Data to examine:
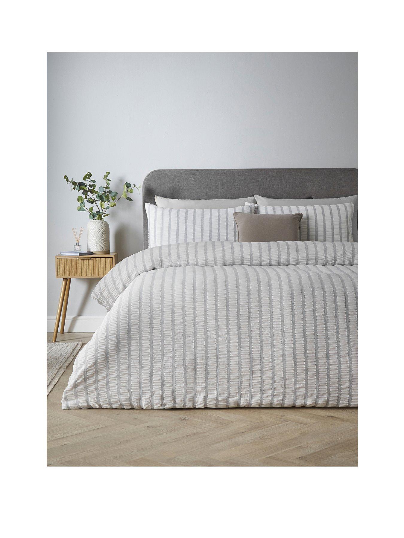 Catherine Lansfield So Soft Seersucker Stripe Duvet Set GreyCatherine Lansfield is renowned for style and quality - designed and developed in Great Britain.Alternating bands of gentle seersucker and smooth contrasting textures create a crisp, look that's both contemporary and calming. With its tonal palette and modern minimalism, this piece brings subtle dimension to your space, perfect for elevating understated interiors with refined texture and effortless style.
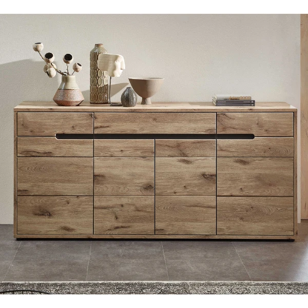 Dressoir Bellini 185x44x87cm uit spaanplaat en MDF. Afwerking in eiklook en antraciet. Met 3 lades en 3 deuren.
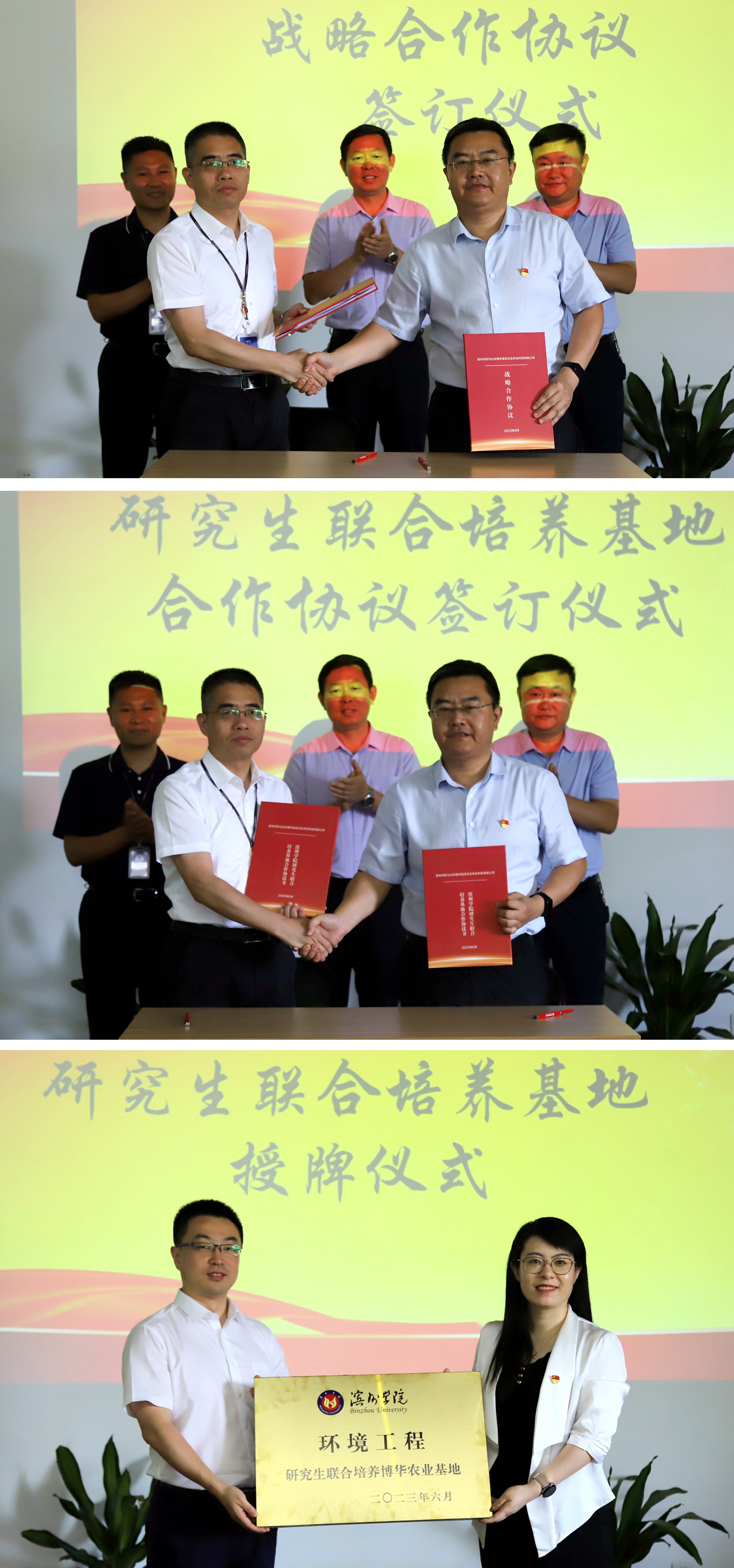 在與會人員的見證下,博華生態(tài)農(nóng)業(yè)與濱州學(xué)院黃河三角洲生態(tài)環(huán)境研究中心雙方簽訂戰(zhàn)略合作協(xié)議及研究生聯(lián)合培養(yǎng)基地協(xié)議,并為研究生聯(lián)合培養(yǎng)基地揭牌。
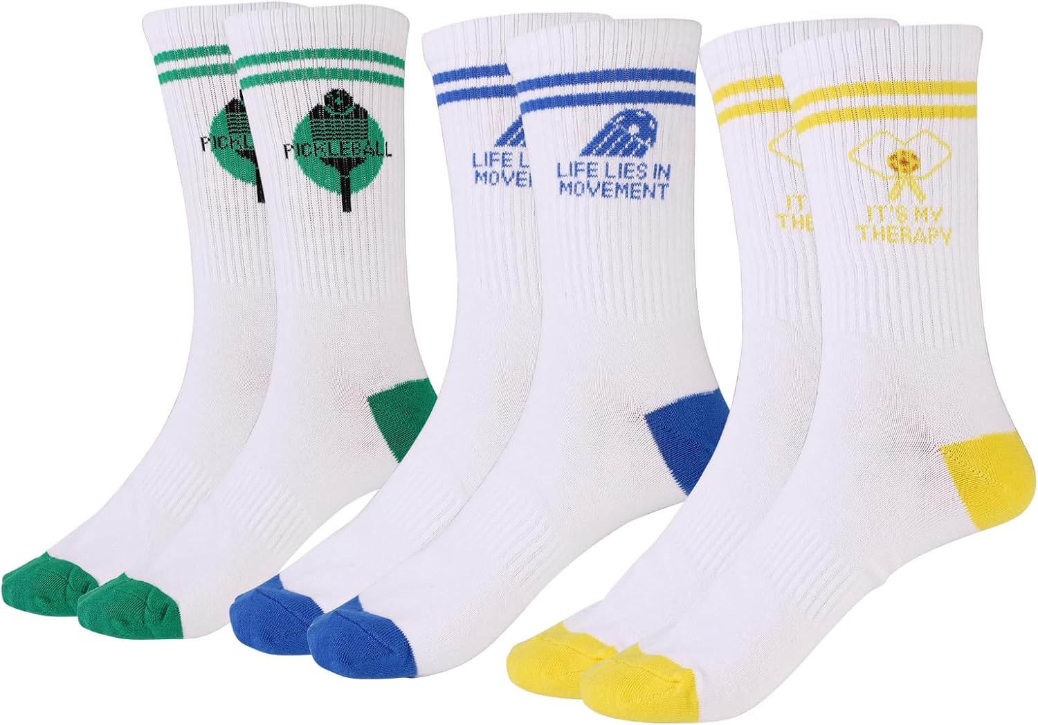 BOXOB 3 Pack Pickleball Socks, Cotton Pickle Ball Socks in One Size Pickleball Accessories Funny Pickleball Gifts for Men & Women
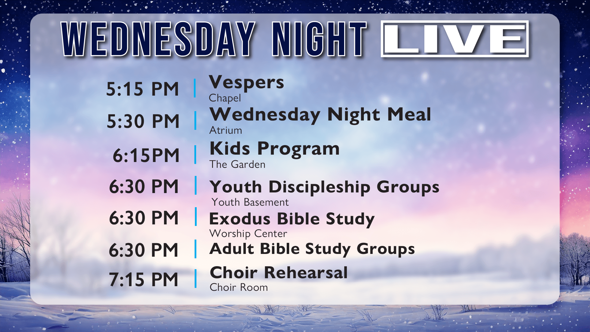 Bible Studies for Adults (6:30 PM, various locations): Choose from several study options, including our Exodus Bible Study in the Worship Center.
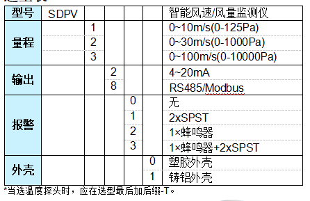 量程范圍:0-10/30/100m/s,見選型表
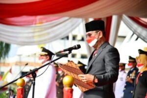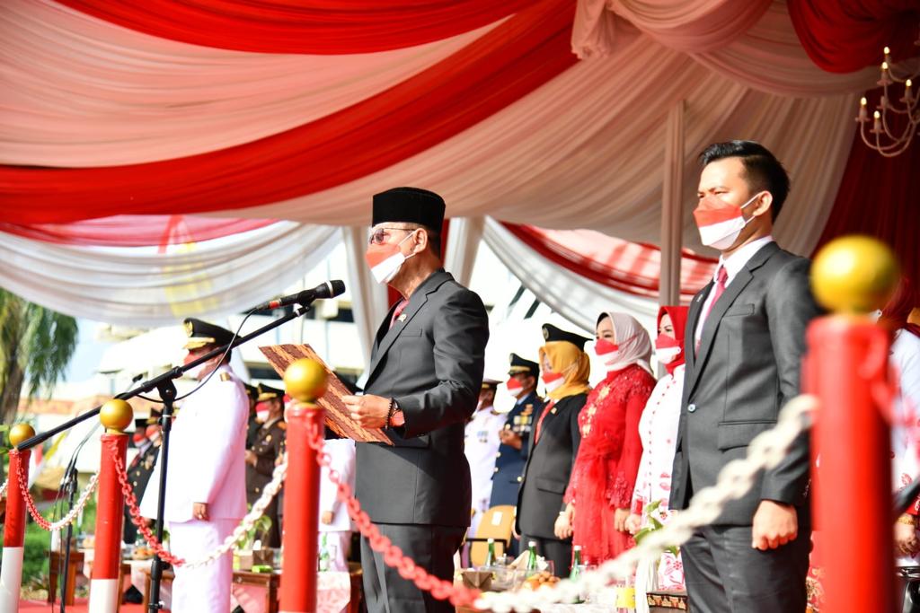Ketua DPRD Provinsi Lampung melakukan pembacaan teks Proklamasi dalam rangka memperingati HUT RI ke 77 dengan tema Pulih Lebih Cepat Bangkit Lebih Kuat di Lapangan Korpri Telukbetung, Rabu (17/8/2022)

Task statement: The output must match, line for line, the span from the line containing "Bible Studies for" through the end of the data, with the pictures removed.

Exercise result:
 Bible Studies for Adults (6:30 PM, various locations): Choose from several study options, including our Exodus Bible Study in the Worship Center.
 量程范圍:0-10/30/100m/s,見選型表
Ketua DPRD Provinsi Lampung melakukan pembacaan teks Proklamasi dalam rangka memperingati HUT RI ke 77 dengan tema Pulih Lebih Cepat Bangkit Lebih Kuat di Lapangan Korpri Telukbetung, Rabu (17/8/2022)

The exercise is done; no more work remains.